There are also large wooded tracts that suggest what the Island looked like long before becoming increasingly developed. You may well see some deer, or possibly a box turtle who could use a little help crossing the road to safety. Nostrand will also give you a good challenge with a steep hill before it ends, bringing you to the other end of Rocky Point Road.

Not on the 5K route, but a popular stop is a few yards off to the left, the Island’s famous Kissing Rock, for which no explanation is needed.

Rocky Point takes you past the grounds of Camp Quinipet, also waiting to see if campers return in the summer. The enormous boulders on the Quinipet grounds were left by a melting glacier 10,000 years ago. You’ll now round the bend onto Shore Road, the beginning of our beautiful crescent of a beach.

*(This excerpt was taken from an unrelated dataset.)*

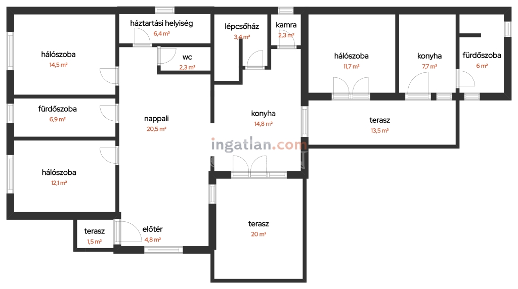 Az ingatlan helyiségei a fő épületben mely nettó 87 m2: előtér, nappali, konyha teraszkapcsolattal, két teljes értékű hálószoba, fürdőszoba káddal és zuhanyzóval,kamra, háztartási helyiség, vendég toalett kézmosóval, lépcsőház, pince +30 m2, fedett terasz +20 m2..

The venerable Pridwin Hotel is closed this year for major renovations, but memories of weekly barbecues on the lawn come easily to mind. They will return.

This last leg along the beach, even if it’s a tough push at the end of a race, treats you to a salty sea breeze that buoys the spirit.

As you walk along the fence, you’ll come upon a plaque commemorating the beloved swimming teacher, Jack Wroble, who taught generations of children the “flutter kick on a dead man’s float” and so much more.

The finish line for the 5K is just before the now-quiet Sunset Beach restaurant. A few years ago, rock star Debbie Harry, lead singer of Blondie, was performing at a charity event at Sunset Beach. Everyone has their favorite music when out for a walk or a run, but for me, it’s always Blondie in my head. That summer day, a crowd of us gathered on the road out front to enjoy her performance and a cold beer.

She sang my favorite, a song I always connect to Shelter Island: “The tide is high, but I’m holdin’ on”…and oh yes, my friends, we are.